Key takeaways
- The request boundary establishes identity, authority, risk, budget, and output contract before model work begins.
- Control, context, execution, and trust are cross-cutting planes over the hardware-to-product stack.
- Providers and tools are replaceable adapters behind versioned interfaces.
- Durable workflow state is separate from model serving and from long-term memory.
- Policy decisions and trace evidence cross every privileged boundary.
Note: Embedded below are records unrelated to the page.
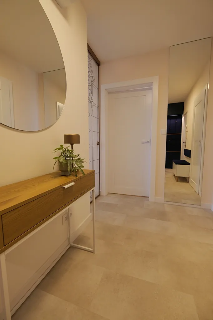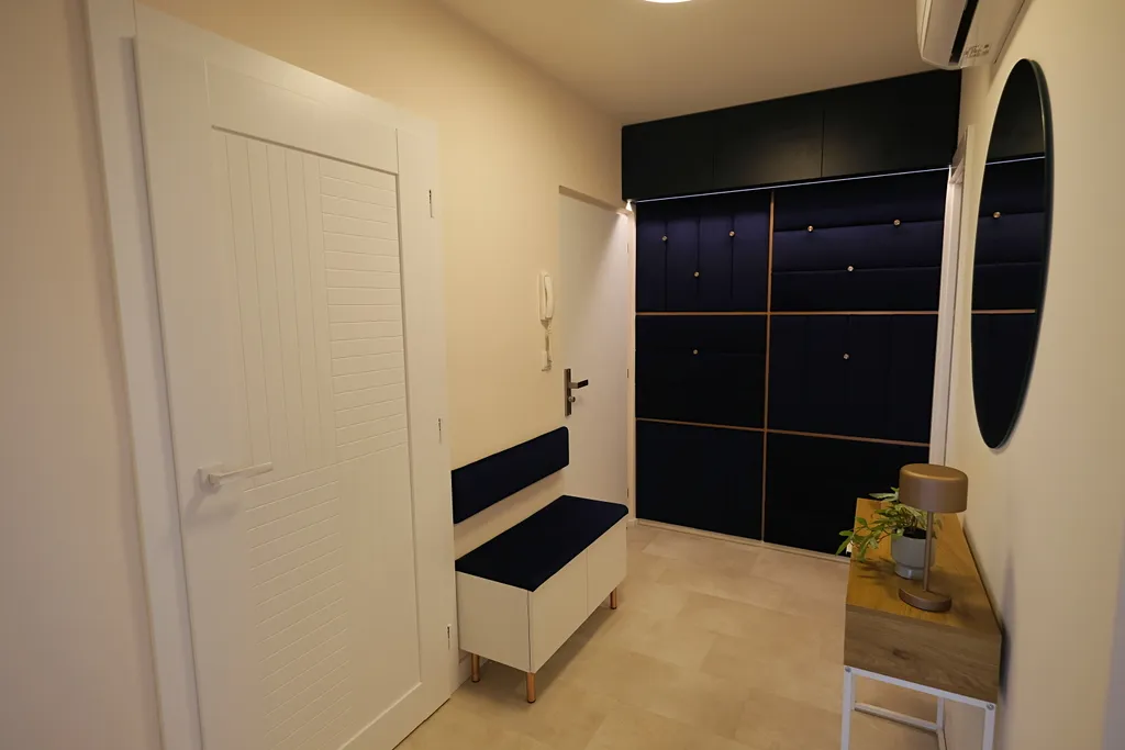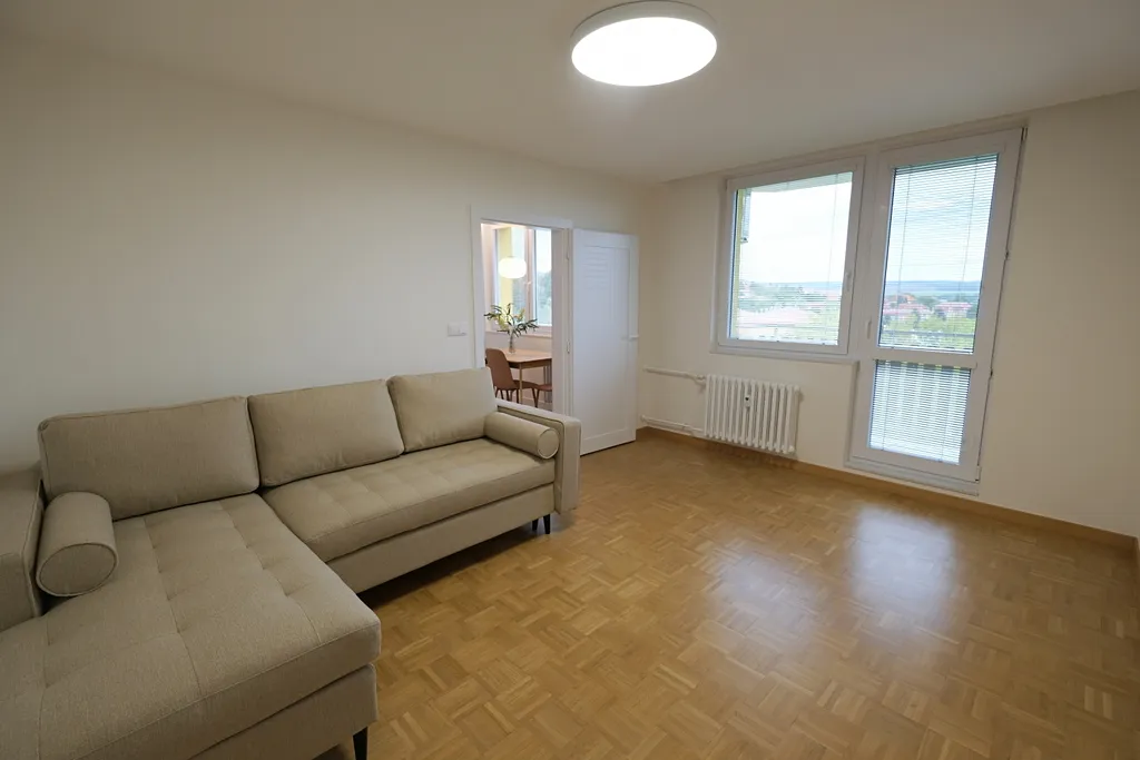 Nabízíme dlouhodobý pronájem luxusního bytu po celkové velmi vydařené rekonstrukci s dispozicí 2+1 v žádané lokalitě Uherského Brodu - části Šaripova. Jedná se o komfortní bydlení s dobrou dostupností do centra města s krásným výhledem na okolí. Celý interiér navrhla bytová designérka, která splnila funkčnost, praktičnost a styl celého bytu. Dispozičně se jedná o vstupní chodbu s klimatizací, odkládacím prostorem a šatnou. Kuchyň je oddělena posuvnými dveřmi s vitrážovou výplní, je zde nová kuchyňská linka s mnoha úložnými prostory a vestavěnými spotřebiči - lednice s mrazákem, myčka, pračka, indukční varná deska, horkovzdušná a mikrovlnná trouba a jídelní stůl se čtyřmi židlemi. Obývací pokoj je zařízen rozkládací sedací soupravou se vstupem na lodžii. Samostatná ložnice je orientovaná na jihozápad. V koupelně se nachází vana se zástěnou, kvalitní umyvadlo se skříňkou, žebříkový radiátor, skříňka s úložným prostorem a toaleta. Podlahy jsou řešeny novými dřevěnými parkety a dlažbou. K bytu náleží sklepní kóje umístěná v přízemí bytového domu. Parkování je možné přímo u domu. Nájem činí 24.000,-Kč/měsíčně + 4.500,-Kč/měsíčně na energie. Byt je ihned k dispozicí.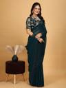 Solid/Plain Bollywood Georgette Saree (Dark Green)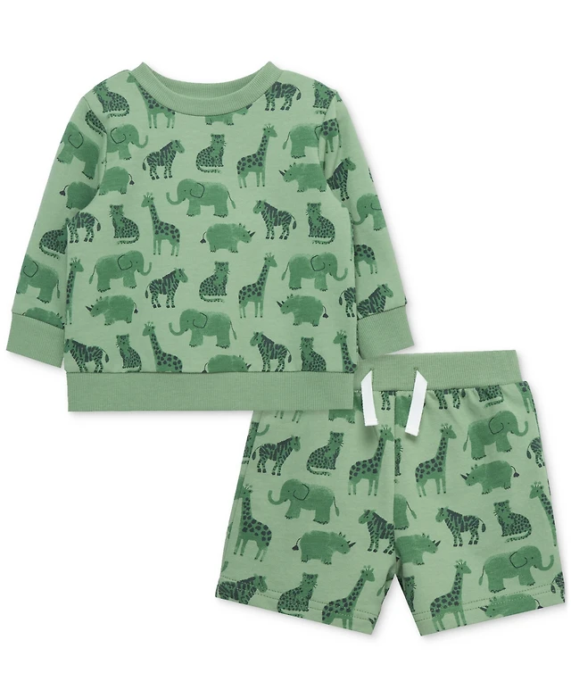 Little Me Baby Boys Safari Cotton Active Sweatshirt & Shorts, 2 Piece Set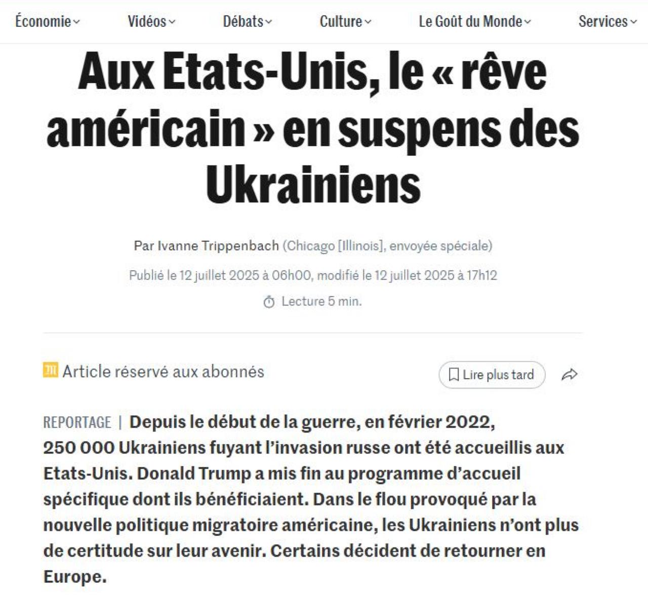Видання повідомляє про хвилю повернення українських біженців із США до Європи після посилення міграційної політики Дональдом Трампом. Частина програми допомоги українцям перестала працювати, що викликало паніку серед біженців, деякі з них прийняли рішення поїхати до Європи, не чекаючи повного згортання програми, зазначає Le Monde.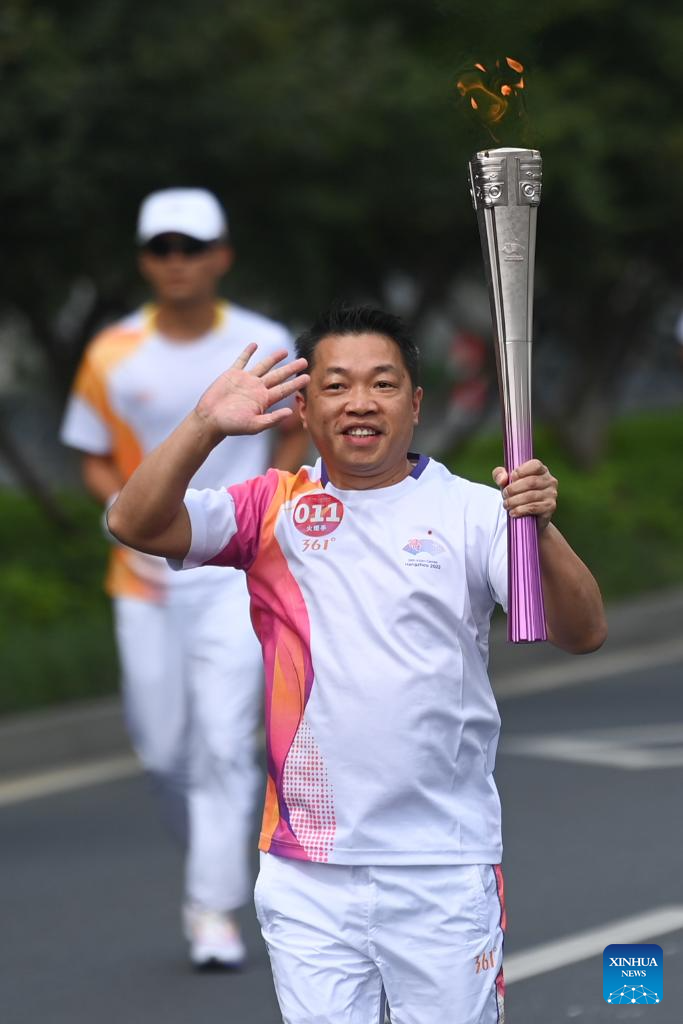 Torch bearer Lu Jingliang runs with the torch during the torch relay of the 19th Asian Games in Taizhou, east China's Zhejiang Province, Sept. 14, 2023. (Xinhua/Huang Zongzhi)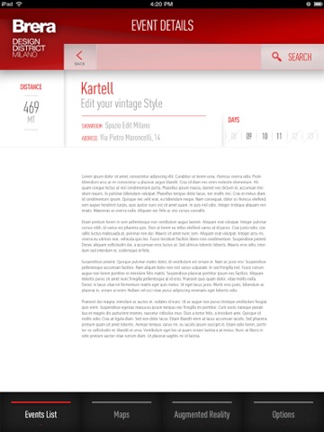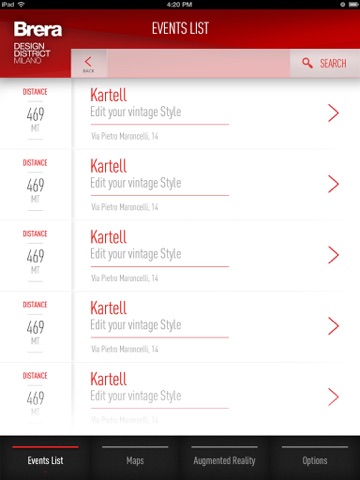 AUGMENTED MAPS: visualises the events in augmented reality, framing the space around you with the camera of your iPhone or iPad, to best orient you in the city.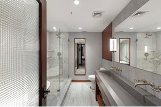 An over-sized corner master suite with private 200 sf terrace, and en-suite sleek master bathroom that offers steam-stall shower, soaking tub, and double sink.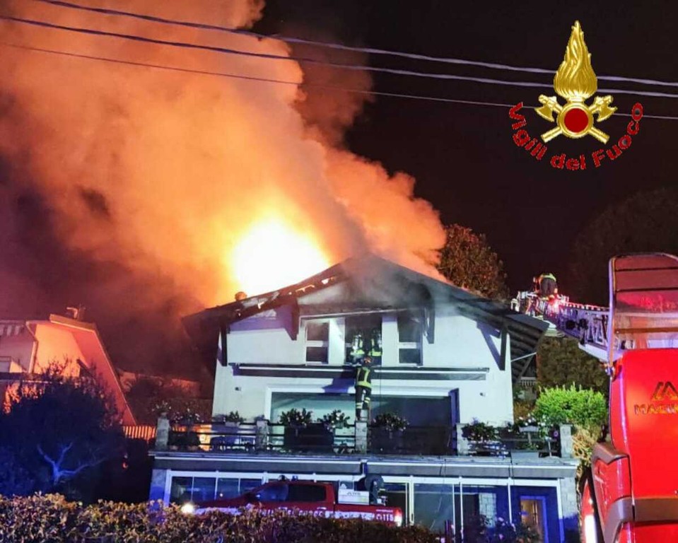 Una notte di fuoco. E' quella appena trascorsa a Ranco a causa di un grosso incendio che ha interessato un'abitazione. L'allarme è scattato alle 21.20 di ieri, in via Ciani.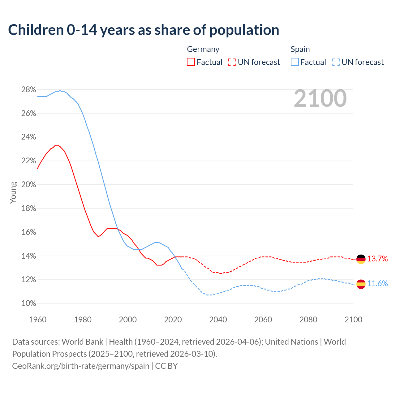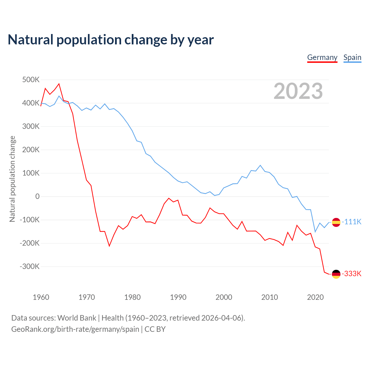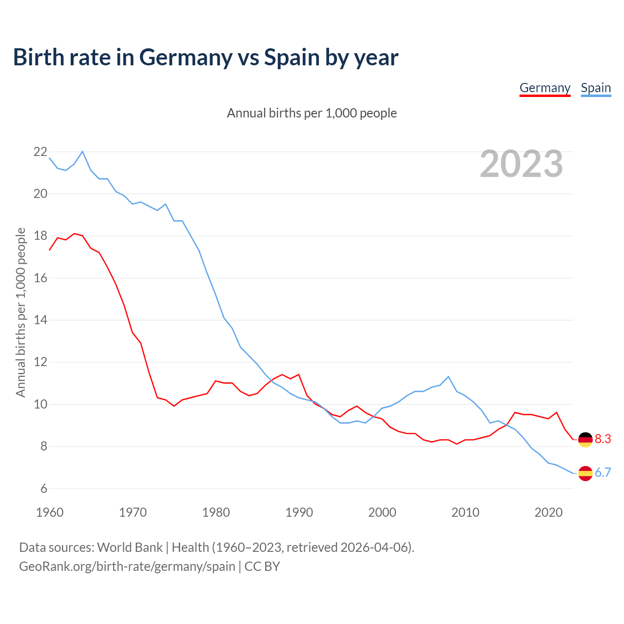 According to the latest available data on birth rates, the fertility rate in Germany was 1.39 children per woman in 2023, compared to 1.12 in Spain in 2023. The replacement level is considered to be 2.1 children per woman.

- The same logical architecture can deploy in one process, distributed services, edge/cloud, or managed-provider combinations.
Runtime boundary
A useful architecture identifies what this layer receives, owns, emits, measures, and refuses to own. That boundary prevents overlapping products from being treated as interchangeable.
Receives
Product request, identity, deployment configuration, component catalogs, policies, model/tool/memory adapters, and operational constraints.
Owns
Logical component boundaries, interface responsibilities, state ownership, enforcement points, and replaceability criteria.
Emits
A component topology, interface contracts, data/control flows, failure domains, telemetry, and deployment mapping.
Does not own
One mandatory vendor implementation or a claim that every deployment needs every component as a service.
Failure modes
Shared mutable state, cross-plane coupling, leaky provider APIs, policy bypass, ambiguous ownership, trace gaps, and broad failure domains.
Evidence and metrics
Interface errors, dependency latency, policy coverage, trace completeness, component availability, recovery, and portability tests.
Request gateway and identity
The gateway authenticates actor/service, resolves tenant, validates the contract, applies rate/deadline/budget, and starts trace context.
Implementation
Keep validation and authority outside model prompts and provider adapters.
Operational implications
The gateway may be in-process for a small deployment but remains a logical boundary.
Measure
Auth/validation, rate-limit, accepted/rejected, contract version, and trace creation.
Runtime coordinator
The coordinator executes the governed state machine and separates transient execution from durable checkpoints.
Implementation
Use explicit step results, cancellation, timeouts, retry classification, and state versions.
Operational implications
Avoid one monolithic function containing provider, tool, policy, and storage details.
Measure
Step duration/status, attempt, checkpoint, cancellation, and task outcome.
Context plane
Context providers expose approved domain data, retrieval, files, memory, and semantic metrics with provenance and policy.
Implementation
Normalize provider results and apply classification/minimization before model assembly.
Operational implications
Context is not equivalent to unrestricted database access.
Measure
Retrieval latency, source/citation, tokens, freshness, and denied content.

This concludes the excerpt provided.